Он хихикает. Много. “Овсянки умны, вороны очень умны, и птицы будут работать вместе, если ситуация будет подходящей. Они будут рвать друг друга на части в некоторых ситуациях, например, в территориальных битвах, но они будут работать вместе против более сильного агрессора. Этот Бантинг как бы наблюдал за всем происходящим. Теперь этому парню с вольером нужно быть осторожным, серьезно, потому что вороны будут возвращаться снова и снова, вечно. Они будут преследовать вас. Если ты причинишь вред воронам или их друзьям, тебе конец, они помнят.

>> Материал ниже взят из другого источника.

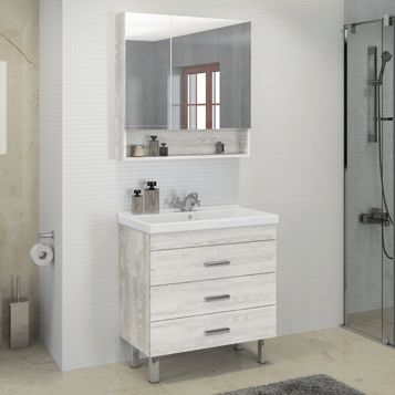 Напольная тумба-умывальник с тремя выкатными ящиками. Ящики оснащены доводчиками для плавного закрывания. Корпус и фасады тумбы из влагостойкого ДСП актуальной фактуры "Дуб белый" с имитацией натурального дерева. Тумба укомплектована прямоугольной раковиной самарского завода из 100% санитарного фарфора.
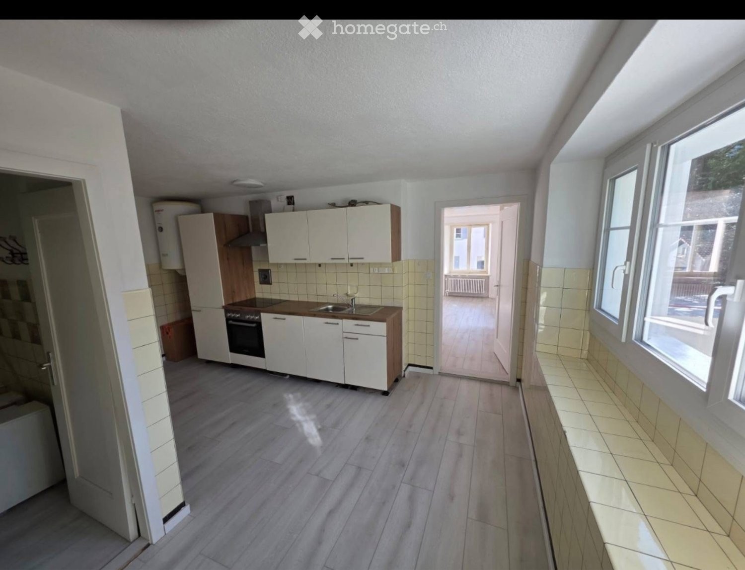 4 Zimmer Wohnung im 1.OG Sep. Küche und eine grosse Terrasse in der Wohnung integriert. Per Sofort zu haben für 1490.CHF Neues Boden, Neue Küche, Neu gestrichelt. Sehr Grosse Garten über 1500 m2
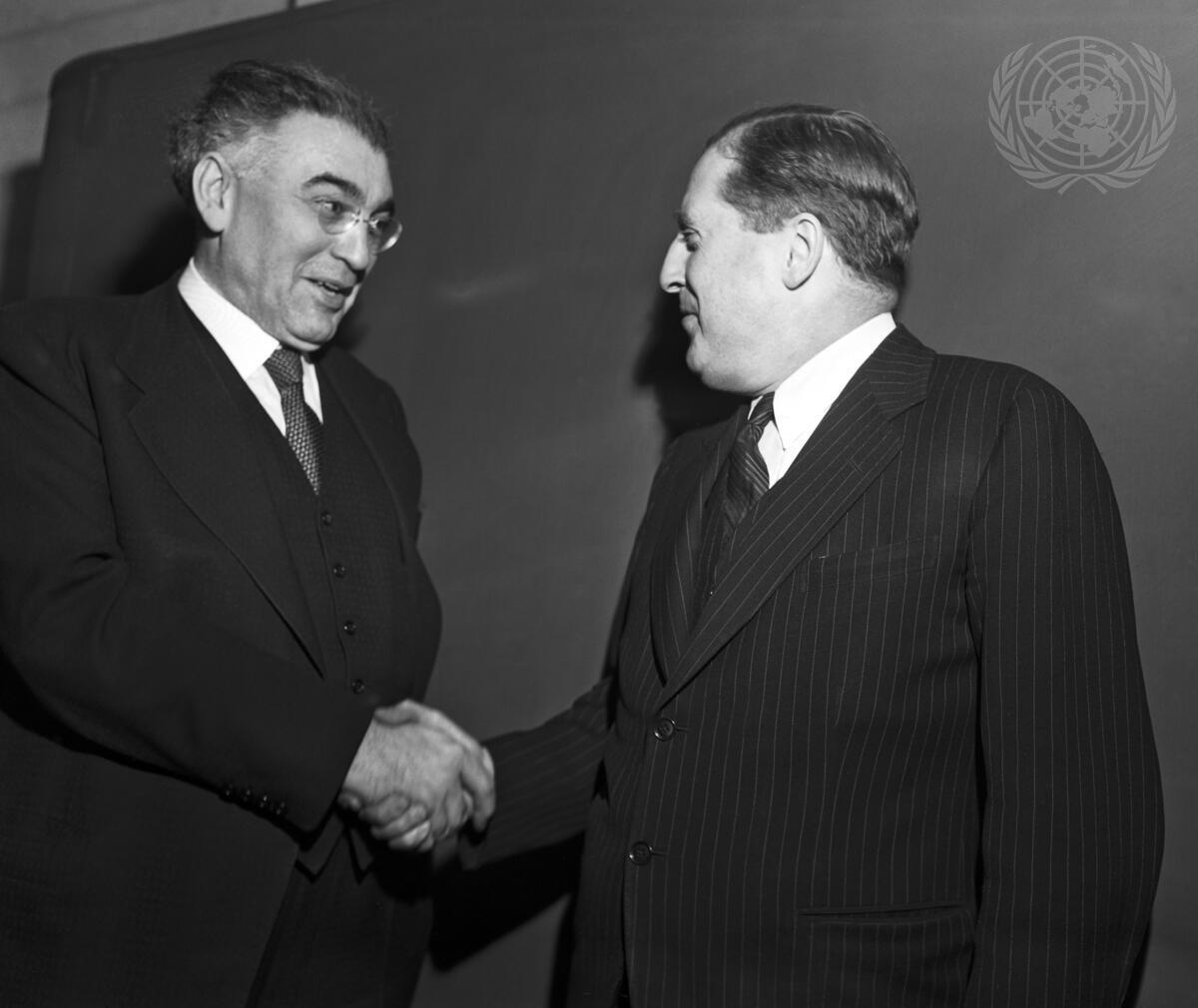 Jewish Agency representative, Rabbi Abba Hillel Silver, left, receives congratulations from Herschel V. Johnson, member of the United States delegation to the United Nations. At the final meeting of the Second Session, the General Assembly approved the partition of Palestine into Arab and Jewish states, by a vote of 33 to 13, with 10 abstentions and one absence.

“Do you know what to do with a car full of frogs?” / “Ты знаешь, что делать с машиной, полной лягушек?”
“Есть история о полицейском в другом городе, который напутал с вороной, и теперь, спустя годы, вороны терроризируют каждого полицейского и полицейскую машину в городе. Я имею в виду годы спустя. Они просто гадят на любую полицейскую машину, как будто нападают на нее бандой, это действительно опасно, они просто ненавидят всех в форме, им все равно, кого, и они учат этому своих отпрысков. Это никогда не закончится. Они даже перенесли полицейское управление, но вороны все равно их нашли. Последнее, что я слышал, они собирались сменить форму и машины, просто чтобы спрятаться от этих ворон.”
Я разрываюсь между вздохами и смехом. “Никогда не связывайся с птицами” — таковы были напутствия Барри.
Кэтрин везет меня в аэропорт с опущенными окнами, и нас окутывает летняя влажность. Непостоянство делает нас прекрасными и печальными. Может ли сдержать отчаяние этот аромат лайма и жасмина повсюду? Я чувствую, что нашел что-то особенное в этом почти неизвестном регионе этого сверхразвитого штата, в этой странной маленькой полуавтономной зоне. Мне кажется, я видел жизнь в человеческом масштабе. Есть ли будущее, или я дурак, что воображаю такое? Мы боремся с инерцией отъезда, медленно катясь по проселочной дороге. Флоридский классический рок звучит по радио, но мы находимся в ритме планеты Земля, где жизнь и смерть вздымаются и обрушиваются волнами, а иногда оглушают, и в конце концов все рушится.